__Task directions__.
Output every record verbatim, and omit each picture.

__Available data__.
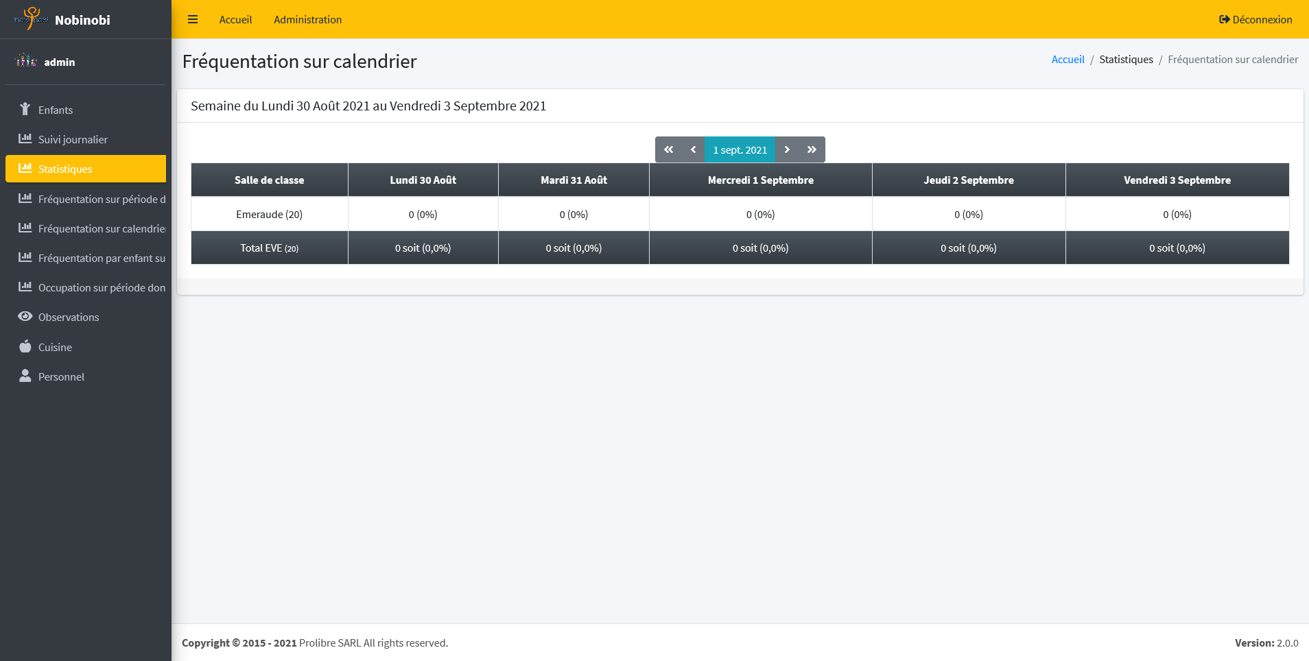 Taux de fréquentation quotidien, total et groupe par groupe, directement depuis le calendrier.
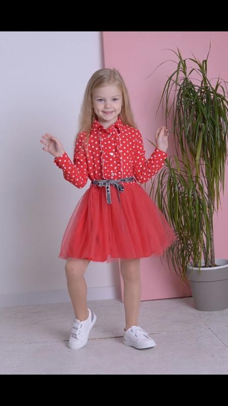 Тканина софт + фатін. На гудзички. Поясок в комплекті. Виробник Україна!!! ☑️98р: довжина 49см, пог 29см, рукав 39см — 1шт. ☑️104р: 51/29/40см — 1шт. ☑️110р: 53/31/42,5см — 1шт. червоне ☑️116р: 57/31/42см — 1шт. ☑️122р: 61/34/45см — 1шт. лілове 🍦
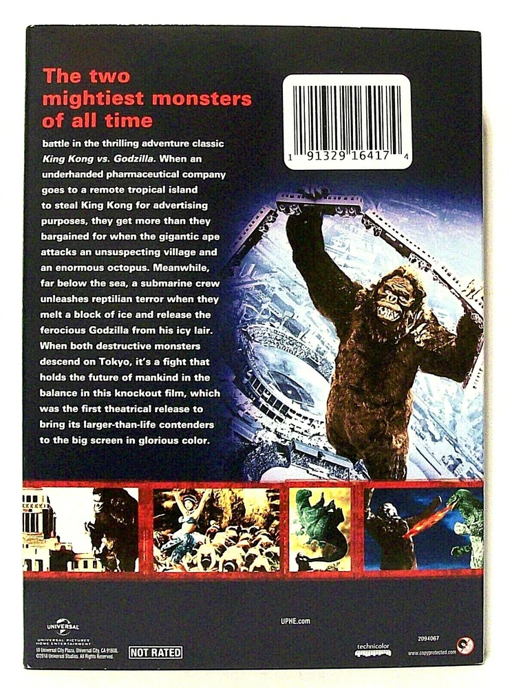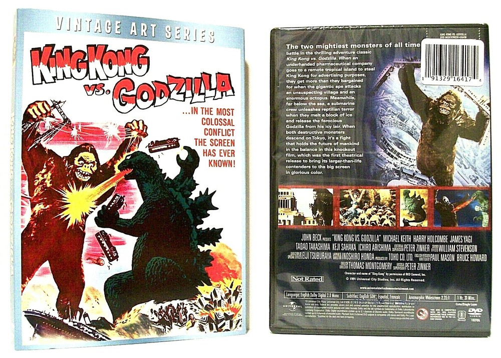 TOHO, UNIVERSAL PICTURES HOME ENTERTAINMENT DVD "THE TERRIFYING BATTLE BETWEEN THE MIGHTIEST MONSTERS OF ALL TIME!" "KING KONG VS GODZILLA" DVD released in 2005 VINTAGE ART SERIES SLIPCOVER Edition released 2018 Movie released 1963 UPC # 025192843624 REGION 1 New, Widescreen English language English SDH, Spanish, French subtitles Includes collectible vintage art SLIPCOVER ***(see photos) Directed by INOSHIRO HONDA, THOMAS MONTGOMERY Starring MICHAEL KEITH, HARRY HOLCOMBE, JAMES YAGI, TADAO TAKASHIMA, KEJI SAHAKA, ICHIRO ARISHIMA ________________________________________________________________________________________________________________ Check out our other items ! IMPORTANT!!!! Please read the following: WE GLADLY COMBINE SHIPPING COSTS ON ALL E-BAY PURCHASES. PLEASE E-MAIL WITH ANY QUESTIONS. ANY AND ALL INTERNATIONAL BIDDERS MUST E-MAIL BEFORE AUCTION'S END REGARDING SHIPPING COSTS OUTSIDE OF THE UNITED STATES, AS SHIPPING RATES WILL VARY. Due to people not leaving feedback! we will be leaving feedback only upon receipt of your feedback. Sorry for this action and thanks for your understanding. Thank you for looking. Any and all Ebay auction sales to be paid for in full within SEVEN days of the auction's end. Other arraingements regarding payment to be authorized by the seller (that's me!) only after e-mail notification and at my discretion. I gladly combine shipping costs for multiple auction wins and will ship worldwide. Shipping costs outside of the U.S. to be provided after the auction's end and/or after the buyer has contacted me via e-mail. I value positve feedback regarding all transactions, and leave FEEDBACK after every sale. I expect the buyer to do the same. Bidding on any item on EBAY constitutes a contract to buy that item, so only serious buyers are encouraged. If for any reason payment is not made for the final sale and/or in a timely fashion agreed upon, I as the seller reserve the right to relist the item, and feedback for the transaction will reflect that fact. Thank you, and Happy Ebaying!!!
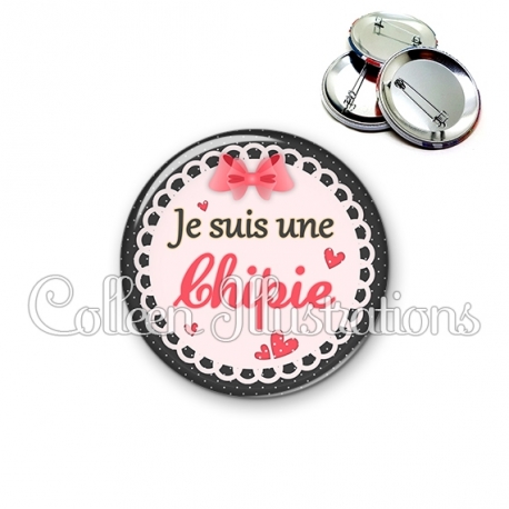 Image imprimée en haute résolution sur papier de qualité, protégée d'un film plastique, et sertie sur une coque et épingle métallique.
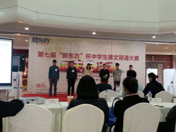 2014年3月15日,由新东方重庆学校主办的第七届“新东方杯”中学生美文背诵大赛重庆总决赛场完美收官。比赛当日,通过层层PK,最终我校高2016级9班姜云峰同学获得了全市高中组亚军。
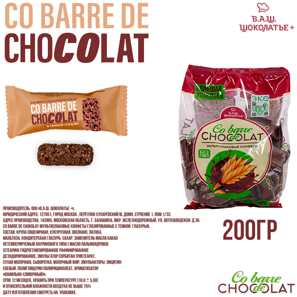 Конфеты В.А.Ш. Шоколатье Co barre de Chocolat (Кобардье) мультизлаковые с темной глазурью, 400 г
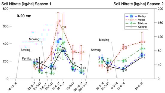 Soil nitrate content at 0–20 cm soil depth during the two-monitoring seasons. Vertical bars represent standard error. Different letters in each measuring date are statically different based on the LSD test (p ≤ 0.05). X units follows the format DD-MM-YY.
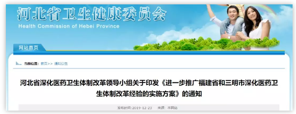 昨日(12月23日),河北省衛(wèi)健委發(fā)布《進(jìn)一步推廣福建省和三明市深化醫(yī)藥衛(wèi)生體制改革經(jīng)驗(yàn)的實(shí)施方案》(下稱《實(shí)施方案》),明確要求開展耗材直接結(jié)算試點(diǎn)。

__Result below__.
 Taux de fréquentation quotidien, total et groupe par groupe, directement depuis le calendrier.
 Тканина софт + фатін. На гудзички. Поясок в комплекті. Виробник Україна!!! ☑️98р: довжина 49см, пог 29см, рукав 39см — 1шт. ☑️104р: 51/29/40см — 1шт. ☑️110р: 53/31/42,5см — 1шт. червоне ☑️116р: 57/31/42см — 1шт. ☑️122р: 61/34/45см — 1шт. лілове 🍦
 TOHO, UNIVERSAL PICTURES HOME ENTERTAINMENT DVD "THE TERRIFYING BATTLE BETWEEN THE MIGHTIEST MONSTERS OF ALL TIME!" "KING KONG VS GODZILLA" DVD released in 2005 VINTAGE ART SERIES SLIPCOVER Edition released 2018 Movie released 1963 UPC # 025192843624 REGION 1 New, Widescreen English language English SDH, Spanish, French subtitles Includes collectible vintage art SLIPCOVER ***(see photos) Directed by INOSHIRO HONDA, THOMAS MONTGOMERY Starring MICHAEL KEITH, HARRY HOLCOMBE, JAMES YAGI, TADAO TAKASHIMA, KEJI SAHAKA, ICHIRO ARISHIMA ________________________________________________________________________________________________________________ Check out our other items ! IMPORTANT!!!! Please read the following: WE GLADLY COMBINE SHIPPING COSTS ON ALL E-BAY PURCHASES. PLEASE E-MAIL WITH ANY QUESTIONS. ANY AND ALL INTERNATIONAL BIDDERS MUST E-MAIL BEFORE AUCTION'S END REGARDING SHIPPING COSTS OUTSIDE OF THE UNITED STATES, AS SHIPPING RATES WILL VARY. Due to people not leaving feedback! we will be leaving feedback only upon receipt of your feedback. Sorry for this action and thanks for your understanding. Thank you for looking. Any and all Ebay auction sales to be paid for in full within SEVEN days of the auction's end. Other arraingements regarding payment to be authorized by the seller (that's me!) only after e-mail notification and at my discretion. I gladly combine shipping costs for multiple auction wins and will ship worldwide. Shipping costs outside of the U.S. to be provided after the auction's end and/or after the buyer has contacted me via e-mail. I value positve feedback regarding all transactions, and leave FEEDBACK after every sale. I expect the buyer to do the same. Bidding on any item on EBAY constitutes a contract to buy that item, so only serious buyers are encouraged. If for any reason payment is not made for the final sale and/or in a timely fashion agreed upon, I as the seller reserve the right to relist the item, and feedback for the transaction will reflect that fact. Thank you, and Happy Ebaying!!!
 Image imprimée en haute résolution sur papier de qualité, protégée d'un film plastique, et sertie sur une coque et épingle métallique.
 2014年3月15日,由新东方重庆学校主办的第七届“新东方杯”中学生美文背诵大赛重庆总决赛场完美收官。比赛当日,通过层层PK,最终我校高2016级9班姜云峰同学获得了全市高中组亚军。
 Конфеты В.А.Ш. Шоколатье Co barre de Chocolat (Кобардье) мультизлаковые с темной глазурью, 400 г
 Soil nitrate content at 0–20 cm soil depth during the two-monitoring seasons. Vertical bars represent standard error. Different letters in each measuring date are statically different based on the LSD test (p ≤ 0.05). X units follows the format DD-MM-YY.
 昨日(12月23日),河北省衛(wèi)健委發(fā)布《進(jìn)一步推廣福建省和三明市深化醫(yī)藥衛(wèi)生體制改革經(jīng)驗(yàn)的實(shí)施方案》(下稱《實(shí)施方案》),明確要求開展耗材直接結(jié)算試點(diǎn)。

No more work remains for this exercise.